Brand Value vs. Brand Recognition

Interesting article in Fast Company Magazine, basically an interview with John Wang, HTC chief marketing officer — AKA Chief Innovation Wizard.

The HTC brand was already there among its users. A few years ago we started to put the HTC logo on the phones. We basically formalized the brand recognition on the physical product.

Let me share with you how we think about brand. There is a very important difference between brand value and brand recognition. Brand value means something to the end user. Brand recognition, all it means is a bunch of advertising to make people recognize the brand name. At HTC we care about brand value, not brand recognition. Building brand value is like earning respect; you have to earn respect, you cannot buy respect.

The brand value vs. brand recognition point is generally true. But in certain markets (either geo or in terms of products) you might not have the time, the patience and the resources to wait for the recognition to come from the market in an “organic” way. Without a push on the recongnition pedal, you might not have the chance to put the brand value in customers hands. Definitely what a brand is looking for mainly is value. Value for the customer, for the brand itself or for the company that owns it. But I don’t think you should leave aside, by all means, the recognition effort.

4 thoughts on “Brand Value vs. Brand Recognition

  1. Nice that you brought this point up.

    It’s interesting to see how John Wang speaks about the differences of brand value and brand recognition.

    I agree with him when he says that you have to “earn respect, and you can’t buy respect”. Many companies spend thousands of dollars on pretty brands but they haven’t actually developed the brand value yet.

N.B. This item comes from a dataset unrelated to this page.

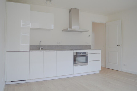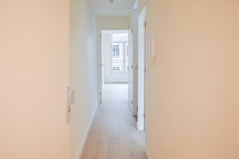 Via de hal heeft men toegang tot alle vertrekken. Aan de voorzijde is de woonkamer gelegen met open keuken, die zich kenmerkt door veel lichtinval. De open keuken welke is v.v. een inductiekookplaat, vaatwasser, combi/magnetron, koelkast en vriezer. De 1e slaapkamer bevindt zich aan de achterzijde met aangrenzend de luxe badkamer v.v. een inloopdouche, luxe wastafel met meubel en spiegel. Het balkon bevindt zich aan de achterzijde.
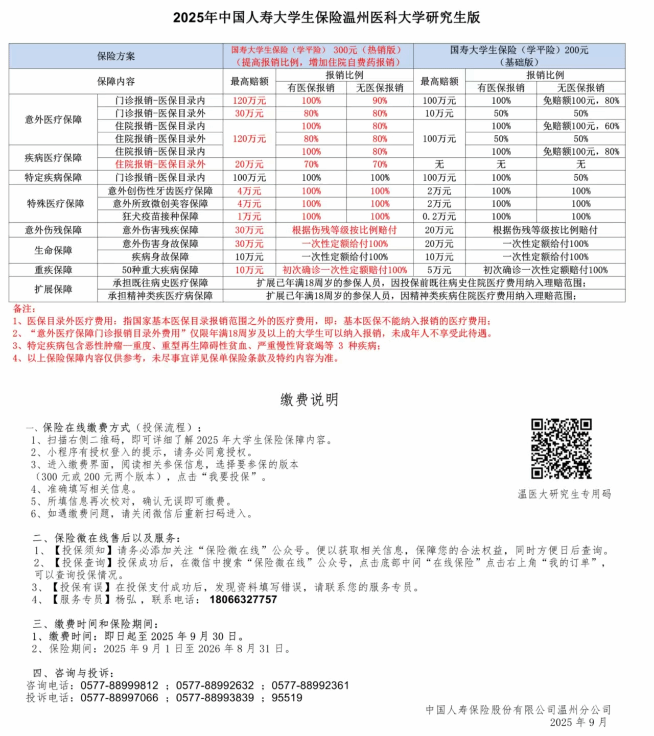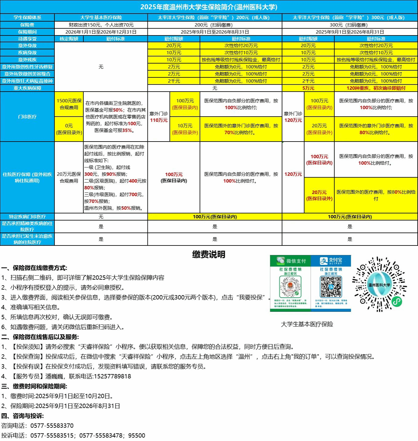 1.如参保同学对大学生基本医疗保险和学平险有疑问,请与辅导员张老师联系,联系电话:0577-86699692,联系地址:同仁楼7A214。

    On the other hand I understand what you are saying in the sense that sometimes depending on the product or service you do need to first invest in brand recognition in order to even give yourself a chance to build value.

  2. Sam

    I starting with the fact in mind that you already have a valuable product/service.

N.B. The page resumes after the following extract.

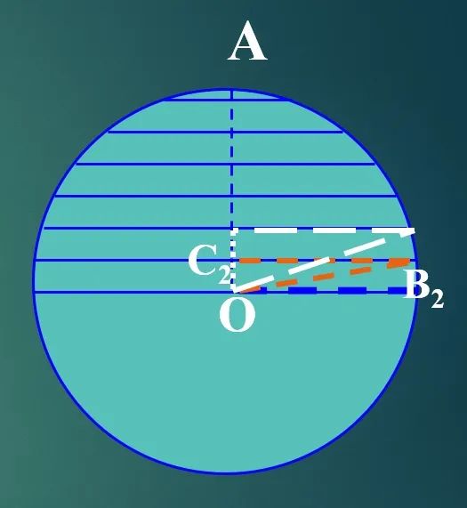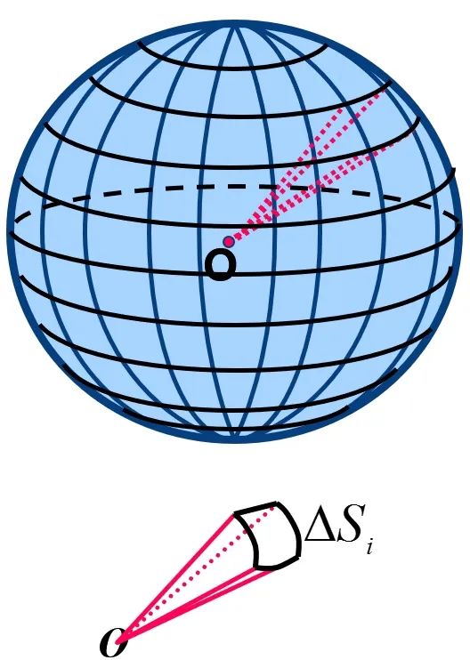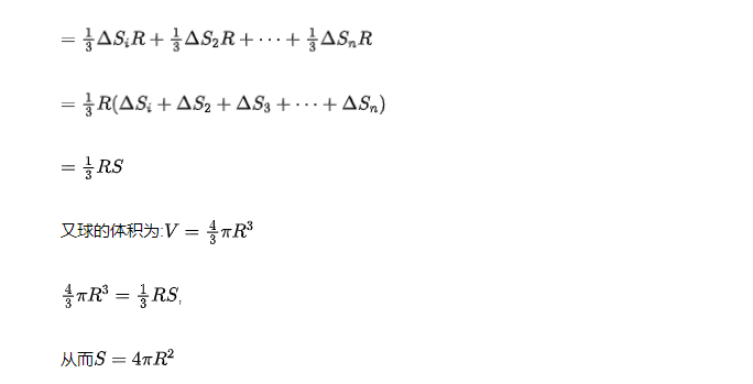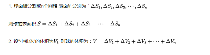 1)球的表面是曲面,不是平面,但如果将表面平均分割成n个小块,每小块表面可近似看作一个平面,这n小块平面面积之和可近似看作球的表面积。当n
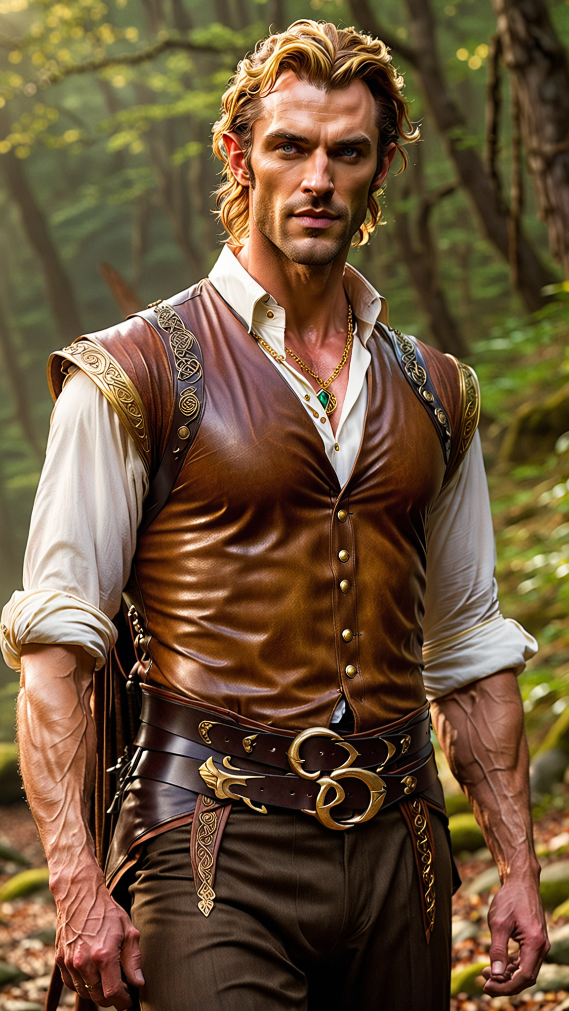 From the ancient Celtic lands, the world of Faeries and Fantasy. Ethereal, otherworldly, dreamlike. The Aes Sidhe, the Shining Ones, the Elves. They are warrior class artisians, immortals. They are radiant like the sun, dispelling the dark wherever they go. He is tall, masculine, muscular, strong. Lirhe but sinewy, wide shouldered, narrow waisted. Masculine handsome rugged face with strong brow and jaw, cleft chin, smooth hairless face. Opalescent eyes that shift and change with his mood. Golden blonde wavy fade hairstyle, short on sides and back, longer on top and combed back. He wears a gold headband/circlet around his head. Sharp elven ears. Shiny gold pauldrons on his strong shoulders. Sleeveless white gossamer pearlescent shirt, unbuttoned to reveal his chest. Shiny gold chain with Amethyst gem pendant around his neck. Shirt tucked into tight, form fitting royal blue ranger/archer pants. Dark brown leather belt with golden Celtic belt buckle around his waist. Dark brown leather boots, brown leather bracers on his strong arms. Full body pose, his a ur an radiating light like the sun.

    What I’m just saying is that sometimes, just having a good product/service and waiting for the market to “value” it, might not be enough or might take way too long. If you can afford the time and money to wait for the growth in value, is probably a valuable growth.

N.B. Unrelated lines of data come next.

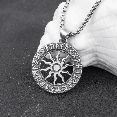 Retro Nordic Viking Rune Sunflower Pendant Titanium Steel Men Fashion Necklace
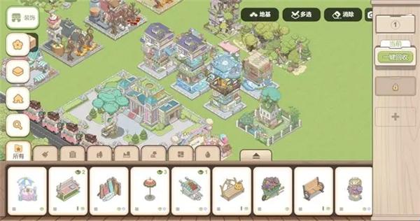 点击“多选”按钮,可以选中多个装饰集体移动,甚至连地砖也可以一并转移,非常适合范围布局。旁边的“消除”按钮,可以将多个装饰合并消除,一步到位的便利操作。
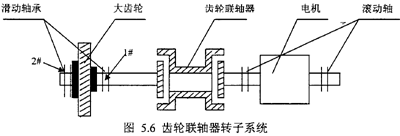 圖5.6是國產DH型透平壓縮機結構簡圖1-2中,齒輪軸(簡稱G軸)、電機、齒輪聯(lián)軸器、軸承組成的轉子系統(tǒng)。這是我們主要研究對象。
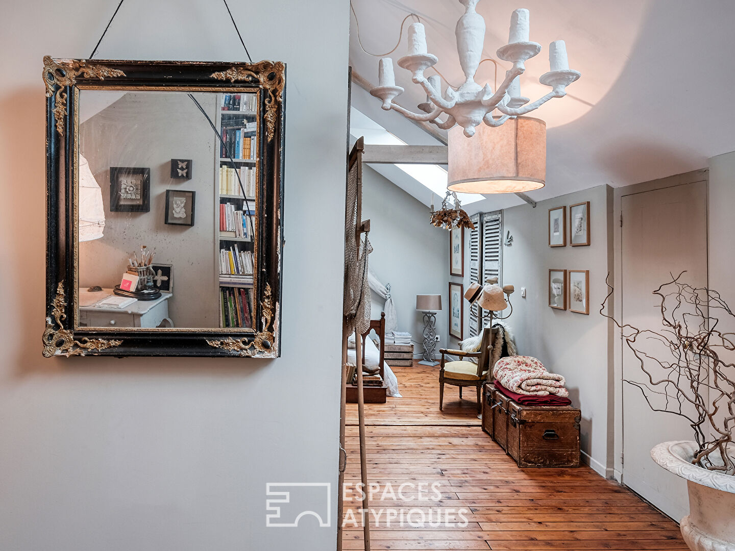 Cet espace intimiste dispose de beaux volumes et de deux dressings, une vaste salle d’eau, un espace nuit et un second espace bureau-bibliothèque idéal pour le télétravail ou les esprits créatifs.
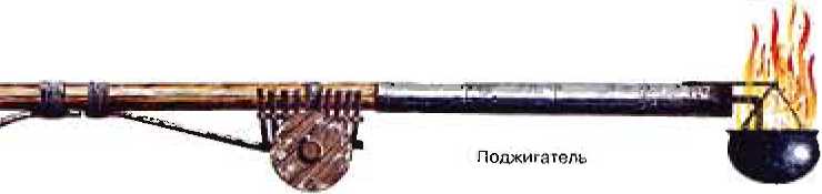 привязывая ее к двум деревянным тележкам, один воин управляя орудием, а другой с помощью мехов поддерживал в ней огонь. Орудие применяли против заграждений, построенных противником.
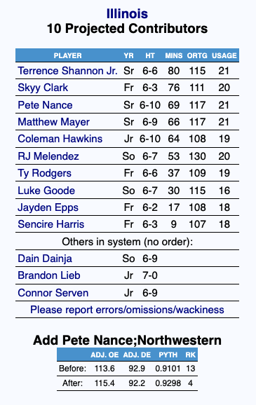 Illinois has lost six of its top-seven scorers and 84.5% of its scoring from last season and must replace 148 of 165 starts and 80.7% of its minutes from last season.

    You need sometime (and that’s depending on the product and market) to raise the market’s attention on you, to speed things up a little bit, not necessarily to start with this thing.

    And, overall, I think that without a valuable product/service, you cannot build a valuable brand, no matter how much you invest in brand recognition.

  3. This is not an either/or situation – it is a case of brand semiotics. Brand values are about what the the brand actually ‘is’ and ‘does’. In semiotic terms – the ‘signified’: the brand communications assets that are part of the recognition experience make up the ‘signifier’ – icons that stand for the brand values.
    So, of course, brand stewards must look after their brand values these are the fundamentals. But at the same time most brands are busy communicationg the offer of these values to their audiences – here is where recognition is important. But the importance of brand recognition can often be overstated. A brand with sound values but poor recognition will still prosper, albeit slowly, but a brand with poor values and high recognition is heading for a crash.